We described and analyzed the treatment process of an HIV-positive patient with severe paraquat (PQ) poisoning. A 34-year-old man ingested about 50 mL of a 20% solution of PQ in a suicide attempt. He was treated with gastric lavage, oral administration of adsorbent, and symptomatic treatments at the local hospital, and was transferred to our emergency department. Ten hours after the exposure, the concentration of plasma PQ was 2.17 mg/L and was substantially above the survival limits of the severity index for PQ poisoning (SIPP) curve (0.30 mg/L). The equation produced by Jones et al (Jones AL, Elton R, Flanagan R. Multiple logistic regression analysis of plasma paraquat concentrations as a predictor of outcome in 375 cases of paraquat poisoning. QJM. 1999:92;573-578) predicted a 20.5% probability of survival at admission. Unfortunately, the patient was diagnosed as HIV infected, and CD4 lymphocyte count also confirmed that the patient was in a state of mild suppression of immunological function. Immediately, the patient received normative immunosuppressive therapy and hemoperfusion (HP). On the 15th day after poisoning, the patient recovered well and was discharged.
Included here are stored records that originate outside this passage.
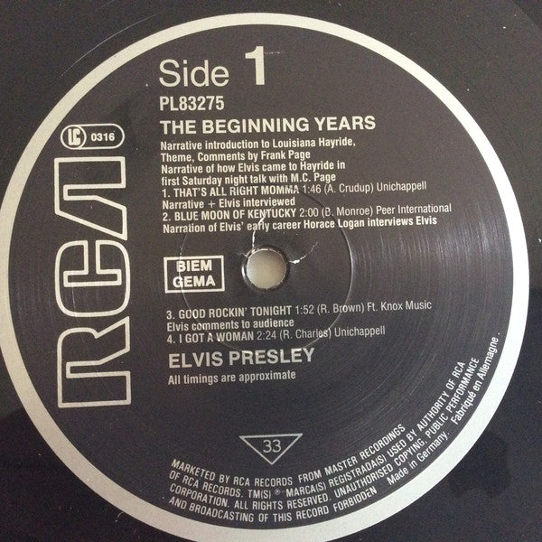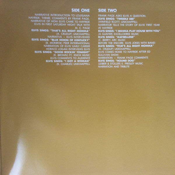 A1a. David Kent (12) - Narrative , Introduction To Louisiana Hayride, A1b. Unknown Artist - Theme A1c. Frank Page (2) - Comments, by Frank Page A1d. David Kent (12), Frank Page (2) - Narrative Of How Elvis Came To First Saturday Night Talk With M.C. Page A1e. Elvis Presley - That's All Right Momma 1:46A1f. David Kent (12) - Narrative + Elvis Interviewed A1g. Elvis Presley - Blue Moon Of Kentucky 2:08A1h. David Kent (12) - Narration Of Elvis' Early Career A1i. Horace Logan, Elvis Presley - Horace Logan Interviews Elvis A1j. Elvis Presley - Good Rockin' Tonight 1:52A1k. Elvis Presley - Comments To Audience A1l. Elvis Presley - I Got A Woman 2:24B1a. Frank Page (2) - Frank Page Asks Elvis A Question B1b. Elvis Presley - Tweedle Dee 2:16B1c. David Kent (12) - Narrator Tells The Story Of Elvis' First Year At Hayride 4:12B1d. Elvis Presley - I Wanna Play House With You B1e. Elvis Presley - Maybellene 2:54B1f. Elvis Presley - Before The Encore Elvis Jokes With Band B1g. Elvis Presley - That's Allright Momma 2:48B1h. Frank Page (2), David Kent (12) - Elvis Comes Home To Hayride After Ed Sullivan Show, Narration + Frank Page Comments B1i. Elvis Presley - Hound Dog 6:49B1j. David Kent (12) - Narration And Tribute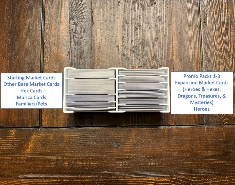 Cave tiles từ expansion Heroes & Hexes và Dangers & Muisca. Mình không phải lúc nào cũng chơi kèm các expansion này, nên mình chừa sẵn chỗ để tách riêng cave tiles của chúng trong khay. Khi chơi kèm, có thể trộn chúng vào túi cave tiles màu xám.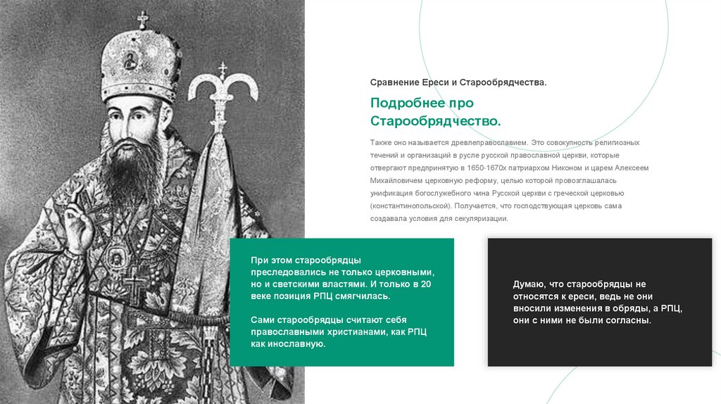 Сравнение Ереси и Старообрядчества.Подробнее про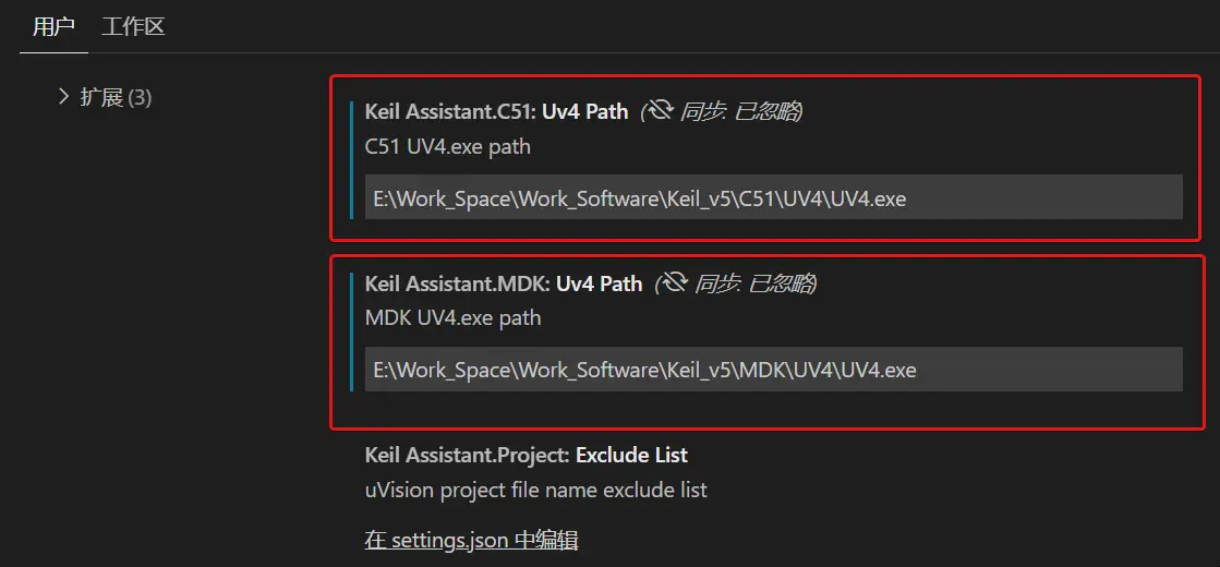因为我们是对STM32系列进行开发,使用的是Keil的MDK版本,因此需要在第二个文本框中输入Keil5程序的绝对路径,如下图所示: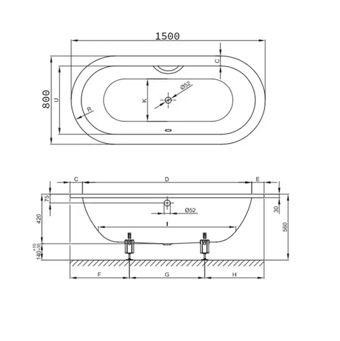 Bette Starlet Ванна с шумоизоляцией встраиваемая, 150х80х42 см, BetteGlasur® Plus, цвет: белый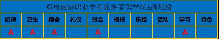A级班级组成的主要内容是:纪律、卫生、宿舍、礼仪、班会、板报、乐跑、活动、学习、特色。
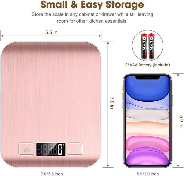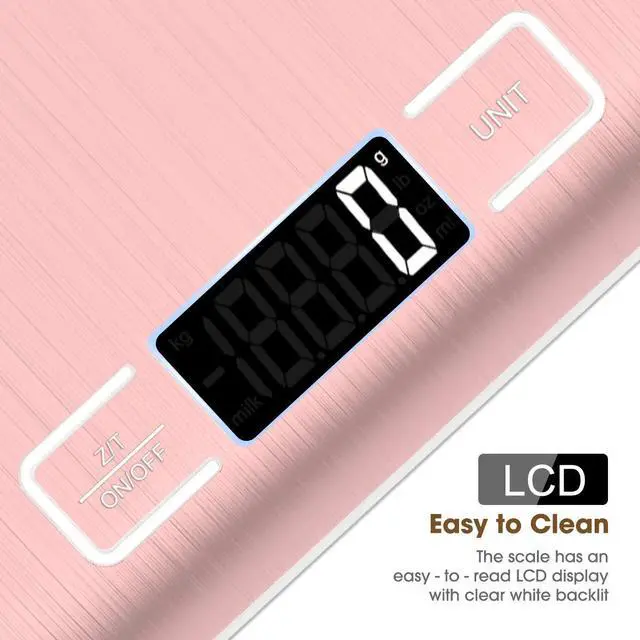 Precise Weight22lb capacity 1g resolution the digital food scale with built-in four high-precision load sensors provide more accurate measurements and instant readings. Multifunction ScaleThis digital kitchen scale has 6 measurement unit to meet all the food weight that you need: g kg lb oz ml milk ml. Big bright LCD display easy to read. Easy TareConvenient tare button for tare calculation allows you to subtract the weight of plate or container making it easy to achieve accurate readouts of ingredients. This digital weight scale is for better cooking baking tracking intake weight loss and postage. Compact SleekStainless-steel digital scale is designed with food-grade 304 stainless-steel platform for easy cleaning and maintenance the digital kitchen scales convenient size makes it easy to store in your kitchen. Great Support2 AAA batteries included. Our products are rigorously tested and made with love. For any issues please reach to us we stand behind our kitchen scales.

All along, the evolution of the patient's status was in accordance with the characteristics of PQ poisoning, but the extent and duration of damage was mismatching and drastically alleviative by the previous biological indices. The particular case of treatment may be indirectly supporting the effectiveness of immunosuppressive therapy in treating patients with PQ poisoning.

INTRODUCTION

Paraquat (PQ), a nonselective contact herbicide, has been widely used in many countries since the 1960s. It has attracted medical controversy because of high mortality (typical case fatality 50%–90%).[1] Ingestion of small quantities (>10 mL) may initiate an irreversible lung fibrosis and renal failure leading to death. Current treatment for PQ poisoning focuses on reducing absorption, increasing its elimination.[2] Several other interventions have been proposed, but none has been shown to be effective in clinical trials. The immunosuppressive therapy is the most promising therapy, though it has not been widely used due to the lack of supporting evidence.[3] Here, we present a case in which the immunosuppressive status may provide some kind of protection from PQ toxicity. Informed consent was obtained from the patients for publication of this case report.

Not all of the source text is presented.